The Luzhin Defence
directed by Marleen Gorris
(Sony Pictures, 2000)

Alexandre Luzhin has been playing chess for 9,263 days, four hours and five minutes. Now he's ready for bigger game: Natalia Katkov, daughter of Russian socialite Vera Katkov.

Natalia (Emily Watson) and her mother (Geraldine James) are staying in the posh Italian resort where Luzhin (John Turturro) has arrived to play for the chess championship. But Luzhin finds more to defend himself against there than a couple of bishops and rooks.

The Luzhin Defence is an artistic triumph from the minute the credits dissolve into action.

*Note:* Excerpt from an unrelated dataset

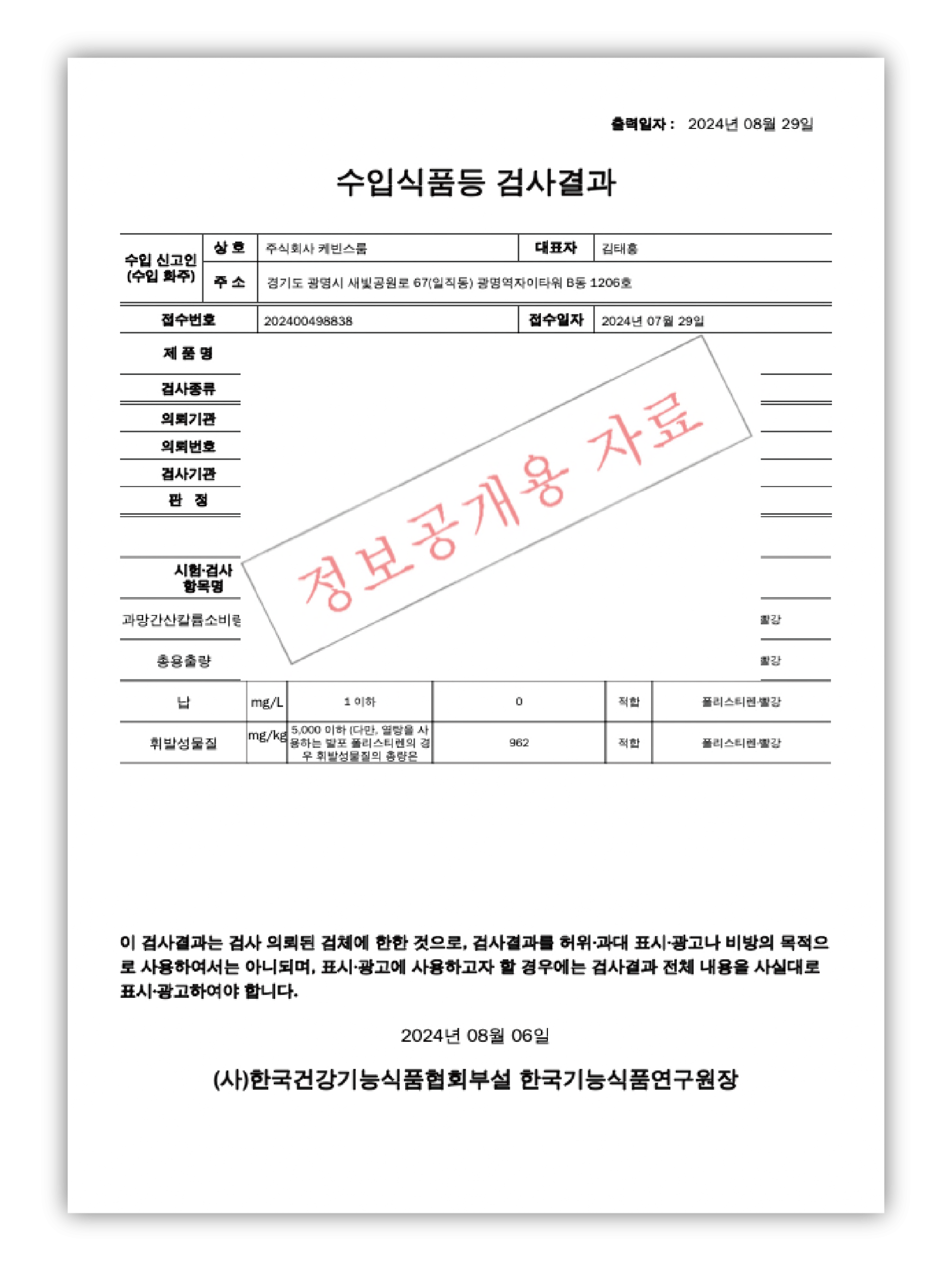 본사에서 제작 중인 플라스틱 머들러(레드)에 대해 시험성적서를 통한 유해성분 안전 인증 PASS를 받았습니다.

A train speeds into a tunnel. A hand writes notes on a small pad. A mostly brass band warms up at the train station. A hand opens a chessboard. The train belches black smoke as it pulls into the station. The band meets the train. But there's no one there to meet the band. Luzhin has slipped quietly into the resort, wearing a suit so rumpled it might have made the trip itself.

That gets The Luzhin Defence off to a quirky start. The appearance of Turturro, one of Hollywood's chief quirks, as Luzhin only adds to the quirkiness. Luzhin's sudden proposal -- to a woman whose name he's neglected to ask -- clinches the deal.

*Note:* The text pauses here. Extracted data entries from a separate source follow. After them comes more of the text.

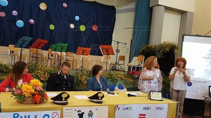 Di bullismo e soprattutto cyber-bullismo si è parlato in un’apposita giornata svolta nella sala-teatro dell’Istituto comprensivo I circolo “Don Bosco”. Un evento che, posto a conclusione dell’anno scolastico, ha inteso rappresentare un ulteriore tassello nel percorso di crescita e di informazione fortemente voluto dalla dirigente scolastica Mimma Cacciatore. Sono stati diversi gli appuntamenti indetti dalla scuola per affrontare le insidie legate all’adolescenza, tramite la presenza di operatori o professionisti nella materia. La particolarità della giornata odierna, è stata la presenza dei genitori e del ruolo di primo piano assunto dai ragazzi. Sono stati loro, tramite i lavori multimediali realizzati, a raccontare la percezione di “bullismo”. Un fenomeno dai numeri allarmanti e costantemente in crescita. Si pensi che atti di violenza e prevaricazioni colpiscono circa il 5,9% dei ragazzi tra gli 11 e i 17 anni.
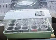 An electric seed-propagation mat is a heated rubber mat covered by a metal cage that is used in gardening. The mats are made so that planters containing seedlings can be placed on top of the metal cage without the risk of starting a fire. Another example is a seedling heat mat, multiple layers of durable, water resistant plastic material with insulated heating coils embedded inside (similar to underfloor heating systems, but with rubber mat instead of flooring).[9] In extreme cold, gardeners place a loose plastic cover over the planters/mats which creates a sort of miniature greenhouse. The constant and predictable heat allows people to raise seedlings in the winter months when the weather is generally too cold for seedlings to survive naturally outside. When combined with a lighting system, many plants can be grown indoors using these mats.[10] This can increase the variety of plants that a gardener can use.
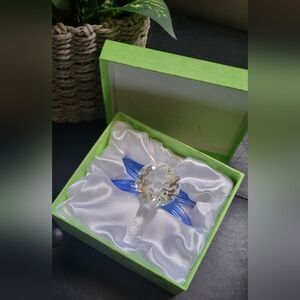Oleg Cassini Blue Crystal Dragonfly Figurine. This exquisite piece features stunning blue and clear crystal, adding elegance to any space.

But The Luzhin Defence is only one part quirky love story. It has a grim subtext as well, revealed in a series of flashbacks during which Luzhin recalls just how he, the child of a severely dysfunctional family, became a chess master.

The two worlds seem content to co-exist, at least until the arrival of Luzhin's former chess mentor, Valentinov (Stuart Wilson). The result is a collision of past and present that does more damage than most Italian military campaigns. That transforms The Luzhin Defence from a comedy of manners -- or lack thereof -- into a kind of compact epic, which is no surprise, given that it's based on a novel by Vladimir Nabokov, the Russian author best known for penning Lolita.

Like Professor Humbert Humbert in Lolita, Luzhin suffers from an obsession. But Luzhin's obsession is most dangerous to himself: If he doesn't stop playing chess, his doctors say, it will literally kill him.

As could not playing it.

The Luzhin Defence has just about everything you could ask for in a movie. It offers great roles to great performers, especially Watson, a woman who's mastered the art of being beautiful without being the least bit glamorous.

It has romance, tension, powerful images, sumptuous scenery, splendid acting, intriguing characters, a novel situation -- it has everything, you might say, but a satisfactory ending.

The sad fact is that while the images and acting remain powerful, the story they tell ultimately becomes both predictable and strained.

The last 10 minutes can't undo The Luzhin Defence. But neither do they wrap it up and send it home in style.

My advice: don't miss the first 100 minutes. The rest you can watch at your own risk.